• Record extracts:
++++++++++++++++++++
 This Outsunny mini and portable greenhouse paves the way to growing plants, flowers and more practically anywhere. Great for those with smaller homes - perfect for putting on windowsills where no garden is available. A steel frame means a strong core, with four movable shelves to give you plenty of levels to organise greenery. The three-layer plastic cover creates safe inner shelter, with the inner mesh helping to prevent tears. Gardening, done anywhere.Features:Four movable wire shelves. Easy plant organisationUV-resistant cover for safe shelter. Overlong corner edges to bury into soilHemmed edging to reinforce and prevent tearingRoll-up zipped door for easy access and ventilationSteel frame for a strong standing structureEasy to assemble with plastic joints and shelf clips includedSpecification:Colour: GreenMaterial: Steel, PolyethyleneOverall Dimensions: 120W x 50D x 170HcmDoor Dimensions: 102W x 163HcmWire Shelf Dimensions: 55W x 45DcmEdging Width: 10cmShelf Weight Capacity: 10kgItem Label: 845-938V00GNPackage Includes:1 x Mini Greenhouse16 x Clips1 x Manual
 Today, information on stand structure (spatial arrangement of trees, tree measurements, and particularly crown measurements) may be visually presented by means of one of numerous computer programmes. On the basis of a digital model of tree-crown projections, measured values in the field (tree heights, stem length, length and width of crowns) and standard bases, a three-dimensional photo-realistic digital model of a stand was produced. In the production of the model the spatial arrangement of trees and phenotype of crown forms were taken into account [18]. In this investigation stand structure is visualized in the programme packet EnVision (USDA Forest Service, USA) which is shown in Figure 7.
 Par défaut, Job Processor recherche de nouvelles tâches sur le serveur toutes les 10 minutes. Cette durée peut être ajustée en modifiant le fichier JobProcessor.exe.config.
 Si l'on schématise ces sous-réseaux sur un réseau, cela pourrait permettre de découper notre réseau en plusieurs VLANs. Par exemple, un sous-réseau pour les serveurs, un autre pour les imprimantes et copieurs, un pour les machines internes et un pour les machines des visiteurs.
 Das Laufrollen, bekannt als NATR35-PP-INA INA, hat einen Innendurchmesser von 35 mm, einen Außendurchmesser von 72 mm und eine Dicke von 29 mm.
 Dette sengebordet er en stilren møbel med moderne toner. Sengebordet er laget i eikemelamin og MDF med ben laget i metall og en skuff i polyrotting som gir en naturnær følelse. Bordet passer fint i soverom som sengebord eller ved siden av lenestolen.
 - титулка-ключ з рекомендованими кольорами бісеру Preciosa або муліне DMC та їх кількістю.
++++++++++++++++++++
• Work to complete:
Reproduce exactly the lines of the records above from the one with "Das Laufrollen, bekannt" to the one with "Dette sengebordet er", both included, and leave out everything else.

• Exercise answer:
 Das Laufrollen, bekannt als NATR35-PP-INA INA, hat einen Innendurchmesser von 35 mm, einen Außendurchmesser von 72 mm und eine Dicke von 29 mm.
 Dette sengebordet er en stilren møbel med moderne toner. Sengebordet er laget i eikemelamin og MDF med ben laget i metall og en skuff i polyrotting som gir en naturnær følelse. Bordet passer fint i soverom som sengebord eller ved siden av lenestolen.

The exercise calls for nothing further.